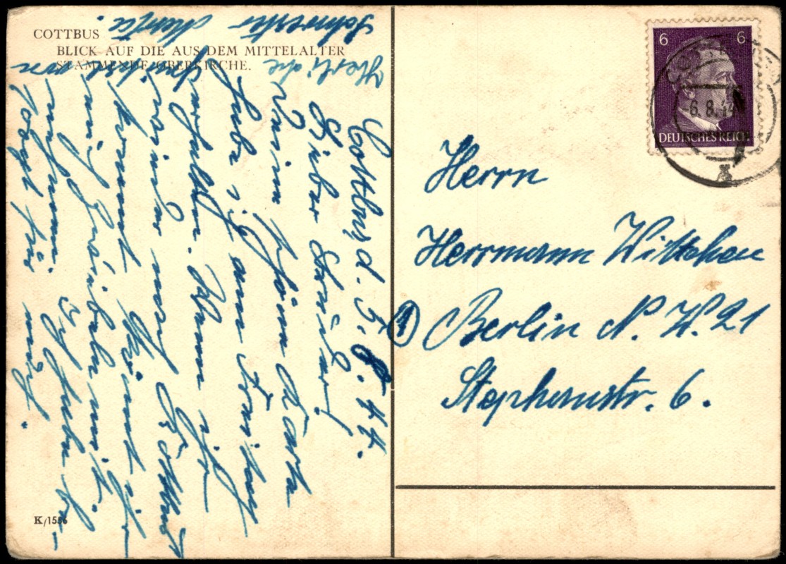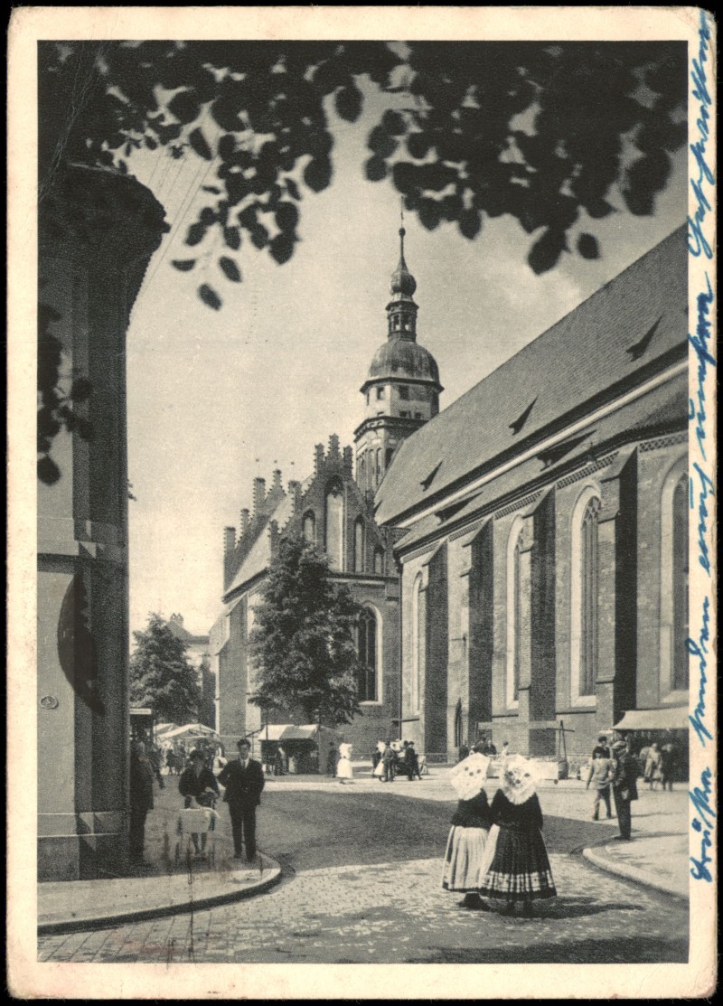Ansichtskarte: Oberkirche Marktstände Wenden Tracht - Cottbus
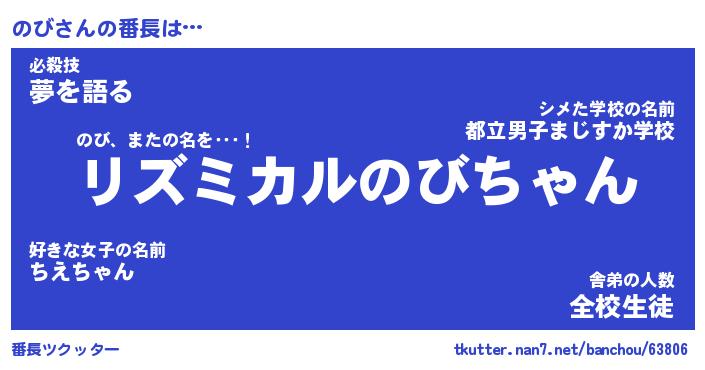 | 肩書あだ名 | 『のび社長』『のび総理大臣』 |
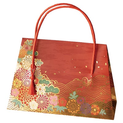 商品の特徴:花の着物柄が華やかな赤のハンドル付きの和風ペーパーバッグです。ワンポイントの赤いタッセルがより豪華さを引き立てます。ハンドルが自立するため手に取りやすく、お買い上げ後はそのまま持ち帰りいただけるのもポイント。赤地に金の花と青海波が映える華やかな和風紙袋なので、迎春や成人式、入卒などのお祝いイベントにおすすめです。
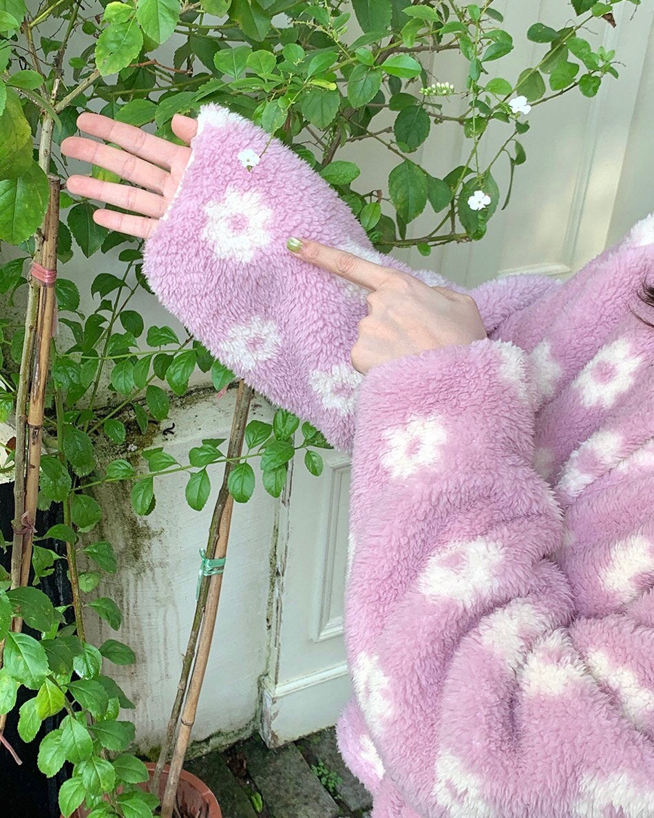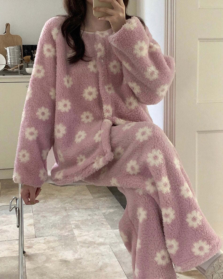Bloom into comfort with the Daisy Fleece Pajama Set. Super soft fleece fabric featuring an adorable all-over daisy flower pattern, perfect for cozy nights and lazy mornings. The set includes a button-up cardigan top with a relaxed fit and wide-leg pants with an elastic waistband for ultimate comfort. Lightweight yet warm, ideal for lounging or sleeping in style.
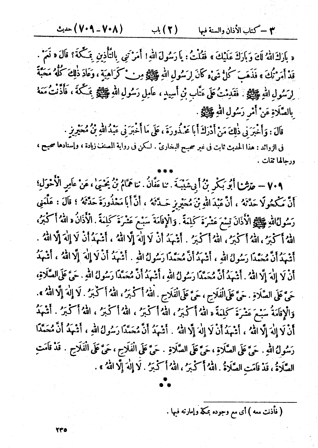 709 - حَدَّثَنَا أَبُو بَكْرِ بْنُ أَبِي شَيْبَةَ قَالَ: حَدَّثَنَا عَفَّانُ قَالَ: حَدَّثَنَا هَمَّامُ بْنُ يَحْيَى، عَنْ عَامِرٍ الْأَحْوَلِ، أَنَّ مَكْحُولًا، حَدَّثَهُ أَنَّ عَبْدَ اللَّهِ بْنَ مُحَيْرِيزٍ، حَدَّثَهُ أَنَّ أَبَا مَحْذُورَةَ، حَدَّثَهُ قَالَ: " عَلَّمَنِي رَسُولُ اللَّهِ صَلَّى اللهُ عَلَيْهِ وَسَلَّمَ §الْأَذَانَ تِسْعَ عَشْرَةَ كَلِمَةً، وَالْإِقَامَةَ سَبْعَ عَشْرَةَ كَلِمَةً، الْأَذَانُ: اللَّهُ أَكْبَرُ، اللَّهُ أَكْبَرُ، اللَّهُ أَكْبَرُ، اللَّهُ أَكْبَرُ، أَشْهَدُ أَنْ لَا إِلَهَ إِلَّا اللَّهُ، أَشْهَدُ أَنْ لَا إِلَهَ إِلَّا اللَّهُ، أَشْهَدُ أَنَّ مُحَمَّدًا رَسُولُ اللَّهِ، أَشْهَدُ أَنَّ مُحَمَّدًا رَسُولُ اللَّهِ، أَشْهَدُ أَنْ لَا إِلَهَ إِلَّا اللَّهُ، أَشْهَدُ أَنْ لَا إِلَهَ إِلَّا اللَّهُ، أَشْهَدُ أَنَّ مُحَمَّدًا رَسُولُ اللَّهِ، أَشْهَدُ أَنَّ مُحَمَّدًا رَسُولُ اللَّهِ، حَيَّ عَلَى الصَّلَاةِ، حَيَّ عَلَى الصَّلَاةِ، حَيَّ عَلَى الْفَلَاحِ، حَيَّ عَلَى الْفَلَاحِ، اللَّهُ أَكْبَرُ، اللَّهُ أَكْبَرُ، لَا إِلَهَ إِلَّا اللَّهُ «وَالْإِقَامَةُ سَبْعَ عَشْرَةَ كَلِمَةً» اللَّهُ أَكْبَرُ، اللَّهُ أَكْبَرُ، اللَّهُ أَكْبَرُ، اللَّهُ أَكْبَرُ، أَشْهَدُ أَنْ لَا إِلَهَ إِلَّا اللَّهُ، أَشْهَدُ أَنْ لَا إِلَهَ إِلَّا اللَّهُ، أَشْهَدُ أَنَّ مُحَمَّدًا رَسُولُ اللَّهِ، أَشْهَدُ أَنَّ مُحَمَّدًا رَسُولُ اللَّهِ، حَيَّ عَلَى الصَّلَاةِ، حَيَّ عَلَى الصَّلَاةِ، حَيَّ عَلَى الْفَلَاحِ، حَيَّ عَلَى الْفَلَاحِ، قَدْ قَامَتِ الصَّلَاةُ، قَدْ قَامَتِ الصَّلَاةُ، اللَّهُ أَكْبَرُ، اللَّهُ أَكْبَرُ، لَا إِلَهَ إِلَّا اللَّهُ "
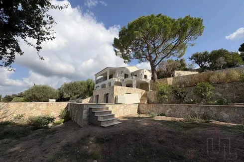 The villa’s layout has been conceived for both elegant entertaining and relaxed everyday living. A vast reception area opens onto generous terraces and gardens, while the dining room and fully fitted bespoke kitchen blend style with functionality. The property offers five luxurious suites, including a spectacular master suite complete with its own private terrace and sweeping sea views.
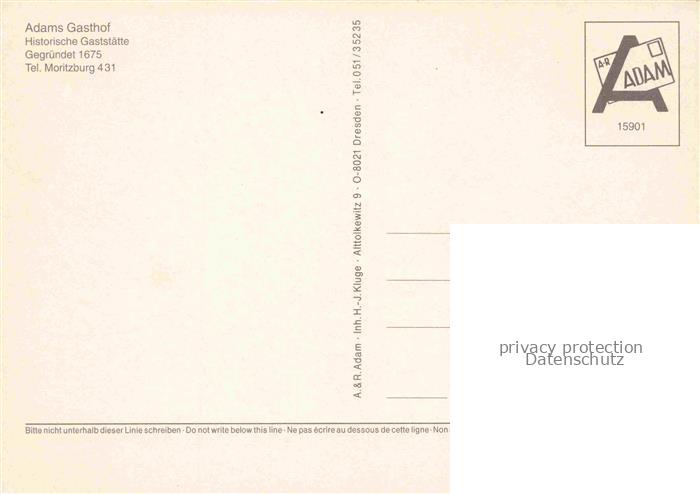 74023239 Moritzburg Sachsen Adams Gasthof Historische Gaststaette postalisch nicht gelaufen Erhaltung siehe scans [FriedD77] KatCode: 11110014280260

### Task description
Exactly reproduce the lines above, starting at the one that contains "肩書あだ名 | 『のび社長』『のび総理大臣』 |" and ending at the one that contains "709 - حَدَّثَنَا", both inclusive; leave the pictures out and add no other lines.

### Task result
 | 肩書あだ名 | 『のび社長』『のび総理大臣』 |
 商品の特徴:花の着物柄が華やかな赤のハンドル付きの和風ペーパーバッグです。ワンポイントの赤いタッセルがより豪華さを引き立てます。ハンドルが自立するため手に取りやすく、お買い上げ後はそのまま持ち帰りいただけるのもポイント。赤地に金の花と青海波が映える華やかな和風紙袋なので、迎春や成人式、入卒などのお祝いイベントにおすすめです。
Bloom into comfort with the Daisy Fleece Pajama Set. Super soft fleece fabric featuring an adorable all-over daisy flower pattern, perfect for cozy nights and lazy mornings. The set includes a button-up cardigan top with a relaxed fit and wide-leg pants with an elastic waistband for ultimate comfort. Lightweight yet warm, ideal for lounging or sleeping in style.
 709 - حَدَّثَنَا أَبُو بَكْرِ بْنُ أَبِي شَيْبَةَ قَالَ: حَدَّثَنَا عَفَّانُ قَالَ: حَدَّثَنَا هَمَّامُ بْنُ يَحْيَى، عَنْ عَامِرٍ الْأَحْوَلِ، أَنَّ مَكْحُولًا، حَدَّثَهُ أَنَّ عَبْدَ اللَّهِ بْنَ مُحَيْرِيزٍ، حَدَّثَهُ أَنَّ أَبَا مَحْذُورَةَ، حَدَّثَهُ قَالَ: " عَلَّمَنِي رَسُولُ اللَّهِ صَلَّى اللهُ عَلَيْهِ وَسَلَّمَ §الْأَذَانَ تِسْعَ عَشْرَةَ كَلِمَةً، وَالْإِقَامَةَ سَبْعَ عَشْرَةَ كَلِمَةً، الْأَذَانُ: اللَّهُ أَكْبَرُ، اللَّهُ أَكْبَرُ، اللَّهُ أَكْبَرُ، اللَّهُ أَكْبَرُ، أَشْهَدُ أَنْ لَا إِلَهَ إِلَّا اللَّهُ، أَشْهَدُ أَنْ لَا إِلَهَ إِلَّا اللَّهُ، أَشْهَدُ أَنَّ مُحَمَّدًا رَسُولُ اللَّهِ، أَشْهَدُ أَنَّ مُحَمَّدًا رَسُولُ اللَّهِ، أَشْهَدُ أَنْ لَا إِلَهَ إِلَّا اللَّهُ، أَشْهَدُ أَنْ لَا إِلَهَ إِلَّا اللَّهُ، أَشْهَدُ أَنَّ مُحَمَّدًا رَسُولُ اللَّهِ، أَشْهَدُ أَنَّ مُحَمَّدًا رَسُولُ اللَّهِ، حَيَّ عَلَى الصَّلَاةِ، حَيَّ عَلَى الصَّلَاةِ، حَيَّ عَلَى الْفَلَاحِ، حَيَّ عَلَى الْفَلَاحِ، اللَّهُ أَكْبَرُ، اللَّهُ أَكْبَرُ، لَا إِلَهَ إِلَّا اللَّهُ «وَالْإِقَامَةُ سَبْعَ عَشْرَةَ كَلِمَةً» اللَّهُ أَكْبَرُ، اللَّهُ أَكْبَرُ، اللَّهُ أَكْبَرُ، اللَّهُ أَكْبَرُ، أَشْهَدُ أَنْ لَا إِلَهَ إِلَّا اللَّهُ، أَشْهَدُ أَنْ لَا إِلَهَ إِلَّا اللَّهُ، أَشْهَدُ أَنَّ مُحَمَّدًا رَسُولُ اللَّهِ، أَشْهَدُ أَنَّ مُحَمَّدًا رَسُولُ اللَّهِ، حَيَّ عَلَى الصَّلَاةِ، حَيَّ عَلَى الصَّلَاةِ، حَيَّ عَلَى الْفَلَاحِ، حَيَّ عَلَى الْفَلَاحِ، قَدْ قَامَتِ الصَّلَاةُ، قَدْ قَامَتِ الصَّلَاةُ، اللَّهُ أَكْبَرُ، اللَّهُ أَكْبَرُ، لَا إِلَهَ إِلَّا اللَّهُ "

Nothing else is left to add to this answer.